Imagine you have boxes, numbered 0, 1, 2, 3, etc. In each one of these boxes, you can store a two-digits number, for example, 01, 23, 86, etc. This represents the computer memory. So these boxes are good for storing numbers up to 99, but now, how do we store larger numbers? One possible way is splitting the number in two-digits parts. For instance, suppose we want to store the number 6952. We can split it in the parts "69" and "52". Then we can store "69" in box 0, and "52" in box 1. Or we can store "52" in box 0, and "69" in box 1. The first case is called Big Endian order, and the second case is called Little Endian order.

In binary, each box (memory address) can store 8 binary digits (8 bits). So if you want to sore the number 010111010 11111111 01011101 11011001 (I already split the number in 8-bits parts), you can store the first part in memory address x, the second part in address x+1, and so on, and thats big endian. Reversing the order: last part in mem addr x, third part in mem addr x+1 ... first part in mem addr x+3, gives little endian.

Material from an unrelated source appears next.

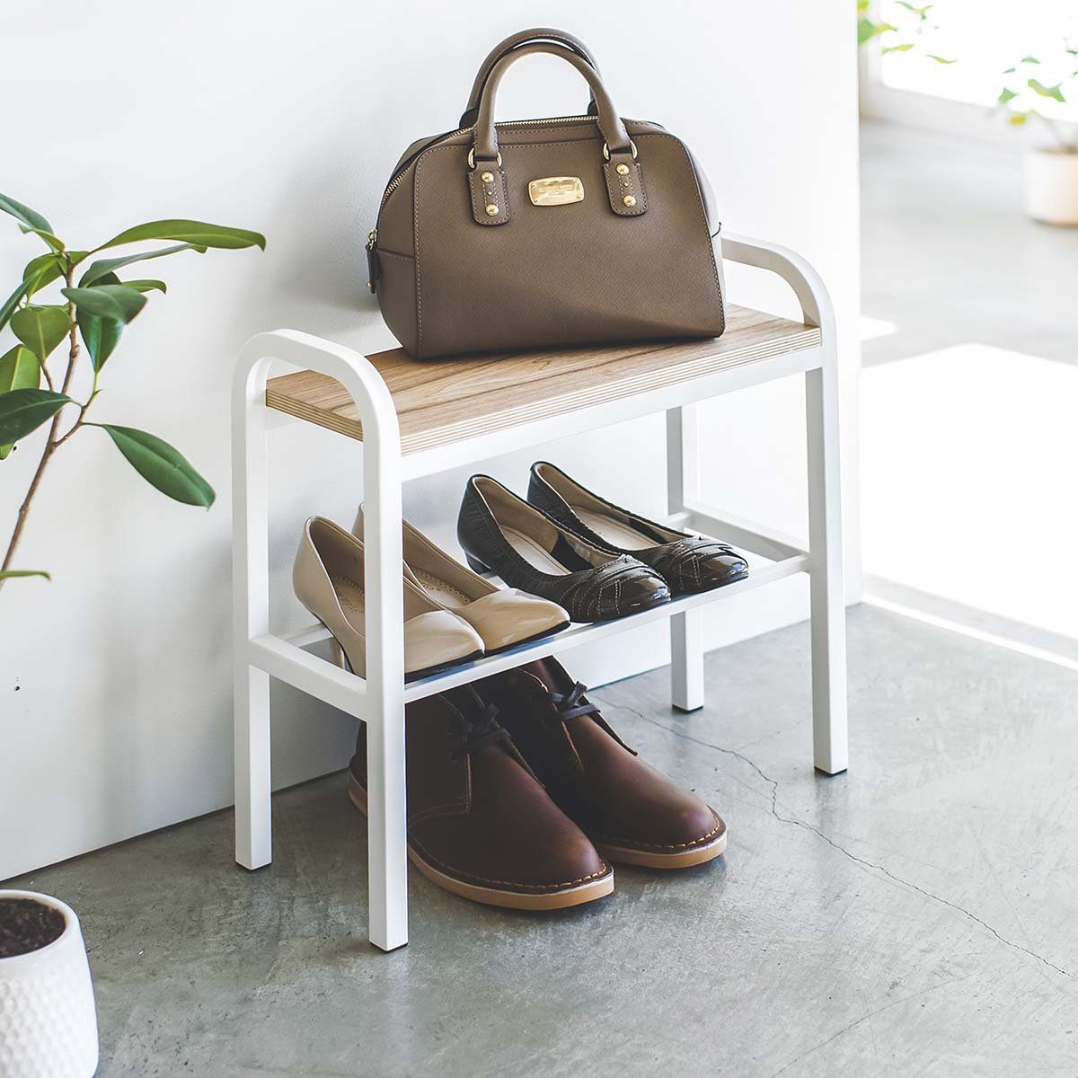 Schuhregal weiß klein mit Ablage für Tasche. Das kompakte Schuhregal von YAMAZAKI ist ideal für die Aufbewahrung von bis zu 2 Paar Schuhen. Die stabile Metallausführung sorgt für Langlebigkeit und die Holz-Ablagefläche rundet das Design stilvoll ab. Das minimalistische Design ist ideal für alle, die bewusst einen reduzierten Look in ihrer Einrichtung anstreben.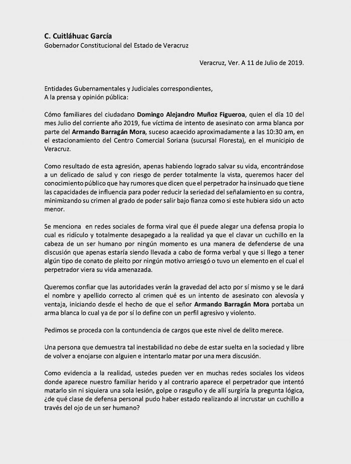 “Queremos confiar que las autoridades verán la gravedad del acto por sí mismo y se le dará el nombre y apellido correcto al crimen qué es un intento de asesinato con alevosía y ventaja, iniciando desde el hecho de que el señor Armando Barragán Mora portaba un arma blanca lo cual ya de por sí lo define con un perfil agresivo y violento. Pedimos se proceda con la contundencia de cargos que este nivel de delito merece”.

Does that make more sense?

Intel processors use little endian ordering, Power PC use big endian.

mrsteveman1
May 9th, 2008, 05:12 PM
Its byte ordering, one is forward, the other is backward :D

Jordanwb
May 9th, 2008, 05:38 PM
Okay so let's take the number 3602891615

in binary 3602891615 would be 11010110 10111111 11000011 01011111

So in a four byte array in Big Endian it would be like this:

array[0] = 214 (11010110)
array[1] = 191 (10111111)
array[2] = 195 (11000011)
array[3] = 95 (01011111)

But in Little Endian it would be:


array[0] = 95 (01011111)
array[1] = 195 (11000011)
array[2] = 191 (10111111)
array[3] = 214 (11010110)

Also what does WORD and DWORD mean? I know that in Basic a word type variable is a unsigned 16 bit integer so would it be the same in this case? Would DWORD be a 16 bit signed integer?

croto
May 9th, 2008, 06:12 PM
Exactly. You can actually verify that it works the way you're saying by saving a binary file containing that number and viewing it with a hex editor.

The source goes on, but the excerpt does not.